Under the hood: Custom Training Loop

mx.model.FeedForward is a convenience wrapper for training standard feed forward networks. What if the model you are working with is more complicated? With MXNet, you can easily control every aspect of training by writing your own training loop.

Neural network training typically has 3 steps: forward, backward (gradient), and update. With custom training loop, you can control the details in each step as while as insert complicated computations in between. You can also connect multiple networks together.


In [12]:
# ==================Binding=====================
# The symbol we created is only a graph description.
# To run it, we first need to allocate memory and create an executor by 'binding' it.
# In order to bind a symbol, we need at least two pieces of information: context and input shapes.
# Context specifies which device the executor runs on, e.g. cpu, GPU0, GPU1, etc.
# Input shapes define the executor's input array dimensions.
# MXNet then run automatic shape inference to determine the dimensions of intermediate and output arrays.
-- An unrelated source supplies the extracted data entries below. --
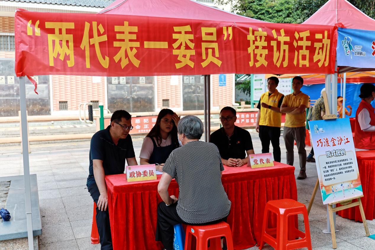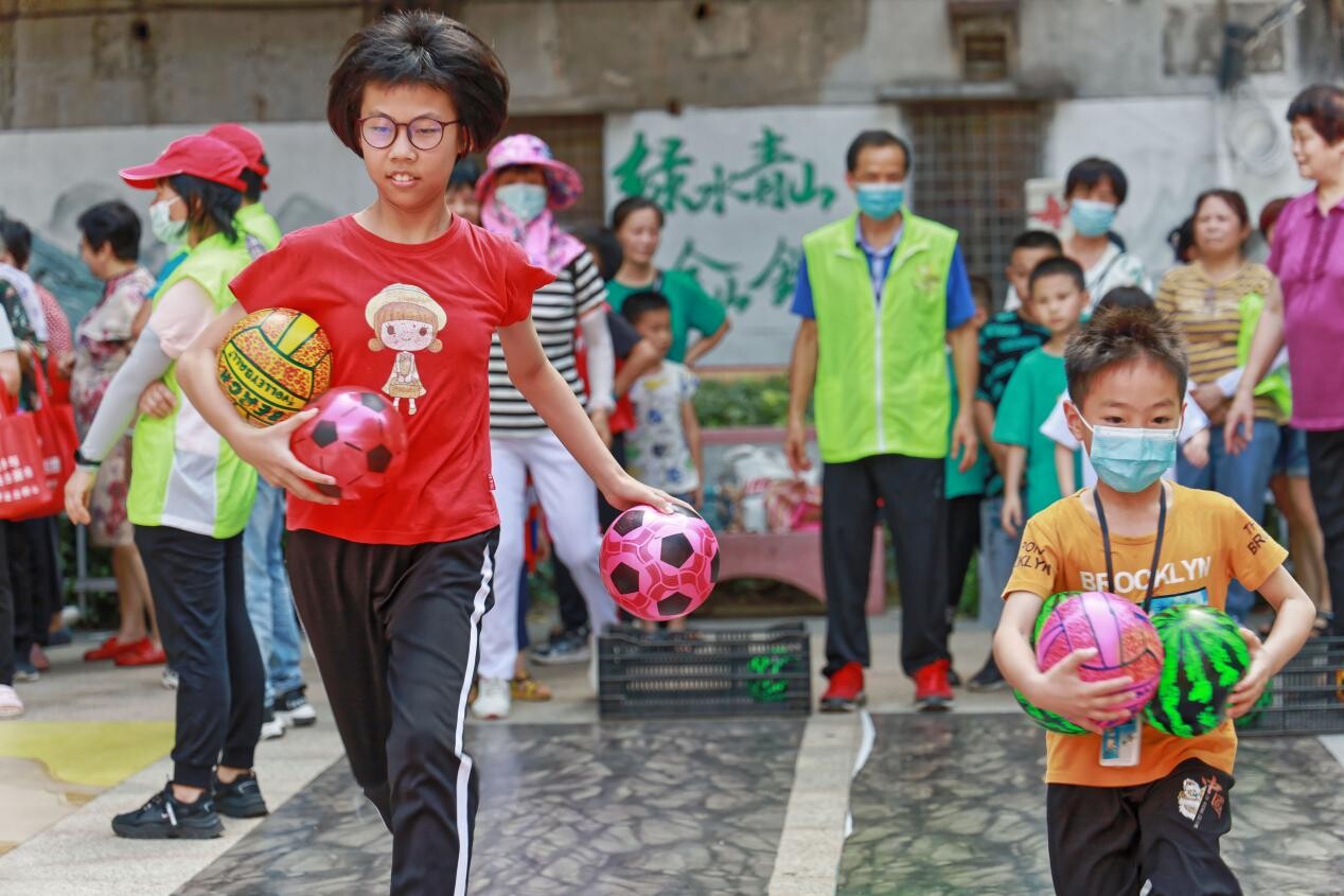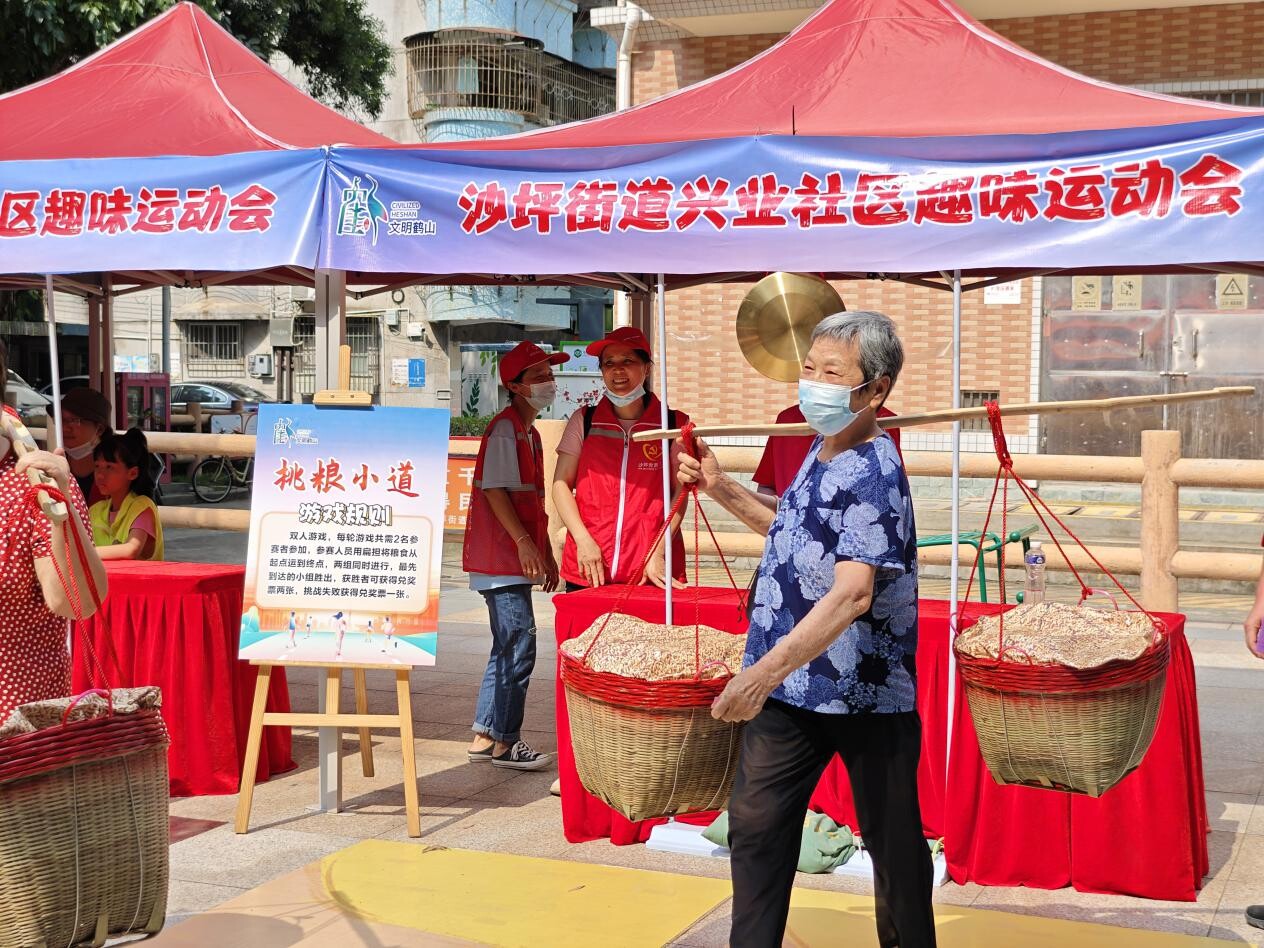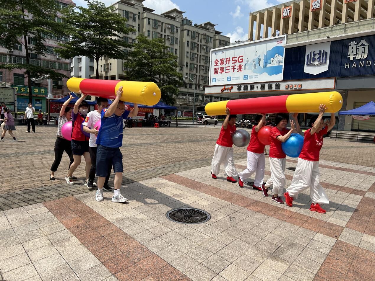 “小心,一定要踩住那边的石头!”“加油!加油!加油!”5月21日,欢笑声、加油声在乐民邨公园传来,兴业社区“党建引领建新功,运动融聚邻里情”社区趣味运动会如火如荼开展着。在“巧渡金沙江”的情景河流中,参赛者正在开动脑筋思考如何快速安全地过河,同场的还有“挑粮小道”项目,参赛者挑起“装满”水稻的箩筐,快步往前冲,以亲身实践的形式传承红色革命精神。此外,活动现场还设置了“两代表一委员”接访摊位、志愿楼长招募摊位,倾听群众声音,宣传创文知识,号召更多居民加入志愿楼长队伍。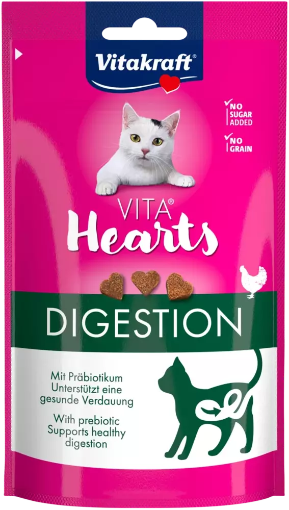 Vitakraft® Vita Hearts – це ласощі, які роблять більше. Доступні у трьох смачних та функціональних варіантах, вони змушують серцебиття котів битися швидше, а їхня м’яка текстура часто подобається чотириногим друзям. Маленькі ласощі розміром з один укус також ідеально підходять для годування.
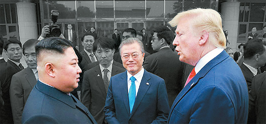 김정은의 ‘연말 시한’에 쫓기는 북 대미라인… 북미 모두 파국보다 상황 반전 모색할 듯 지난 6월 30일 김정은 북한 국무위원장이 판문점 남측 지역에서 문재인 대통령, 도널드 트럼프 미국 대통령과 만났다.북한과 미국이 3차 정상회담을 위한 실무협상 재개를 위해 날카로운 장외 신경전을 펼치고 있다. 평양과 워싱턴에서 하루가 멀다고 상대 측의 결단을 촉구하는 메시지를 쏟아내고 있다. 각기 그린 그림이나 향후 일정표를 넌지시 내비치기도 한다. 서로 ‘시간은 우리 편’이라며 협상 재개의 문턱을 낮출 것을 요구하고 있는 모습도 연출된다. 그러면서도 혹여 판이 깨질까봐 상황 관리에 만전을 기하는 신중한 분위기도 드러나고 있다. 지난 10월 초 스톡홀름 실무협상이 성과 없이 끝난 이후 양측이 향후 협상이나 정상회담에 대해 극도로 조심스런 태도를 취하고 있음을 알 수 있게 하는 대목이다.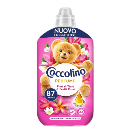 Coccolino Perfume Fiori di Tiare & Frutti Rossi to płyn do płukania tkanin o intensywnej, perfumowanej kompozycji zapachowej łączącej egzotyczne kwiaty tiary z nutami czerwonych owoców. Zapewnia wyjątkową miękkość oraz długotrwałą świeżość, pozostawiając na ubraniach elegancki i wyrazisty aromat.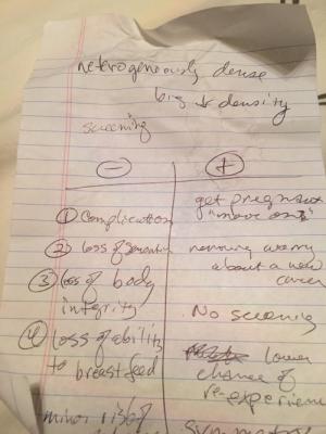 We sat there, in the cramped dimly-lit room–me topless, Mike fidgeting from being away from work before tax season and likely rolling through some PTSD triggers–and made a pros-cons list of the mastectomy (that’s the pic attached to the blog post).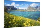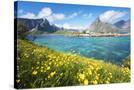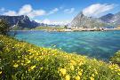 Yellow flowers in bloom beside the turquoise sea and the fishing village of Sakrisoy, Reine, Mosken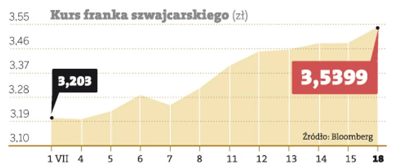 – Dopóki klienci spłacają regularnie kredyty w walutach, bankom nie zależy na dodatkowych zabezpieczeniach – mówi Wojciech Sury, rzecznik Getin Noble. Ponadto przedstawiciele banków podkreślają, że kurs franka ma dużą zmienność i za chwilę złoty może się do niego umocnić.

# data iterators defines shapes of its output with provide_data and provide_label property.
input_shapes = dict(train_iter.provide_data+train_iter.provide_label)
print 'input_shapes', input_shapes
# We use simple_bind to let MXNet allocate memory for us.
# You can also allocate memory youself and use bind to pass it to MXNet.
exe = mlp.simple_bind(ctx=mx.gpu(0), **input_shapes)

# ===============Initialization=================
# First we get handle to input arrays
arg_arrays = dict(zip(mlp.list_arguments(), exe.arg_arrays))
data = arg_arrays[train_iter.provide_data[0][0]]
label = arg_arrays[train_iter.provide_label[0][0]]

# We initialize the weights with uniform distribution on (-0.01, 0.01).
init = mx.init.Uniform(scale=0.01)
for name, arr in arg_arrays.items():
    if name not in input_shapes:
        init(name, arr)
    
# We also need to create an optimizer for updating weights
opt = mx.optimizer.SGD(
    learning_rate=0.1,
    momentum=0.9,
    wd=0.00001,
    rescale_grad=1.0/train_iter.batch_size)
updater = mx.optimizer.get_updater(opt)

# Finally we need a metric to print out training progress
metric = mx.metric.Accuracy()

# Training loop begines
for epoch in range(10):
    train_iter.reset()
    metric.reset()
    t = 0
    for batch in train_iter:
        # Copy data to executor input. Note the [:].
        data[:] = batch.data[0]
        label[:] = batch.label[0]
        
        # Forward
        exe.forward(is_train=True)
        
        # You perform operations on exe.outputs here if you need to.
        # For example, you can stack a CRF on top of a neural network.
        
        # Backward
        exe.backward()
        
        # Update
        for i, pair in enumerate(zip(exe.arg_arrays, exe.grad_arrays)):
            weight, grad = pair
            updater(i, grad, weight)
        metric.update(batch.label, exe.outputs)
        t += 1
        if t % 100 == 0:
            print 'epoch:', epoch, 'iter:', t, 'metric:', metric.get()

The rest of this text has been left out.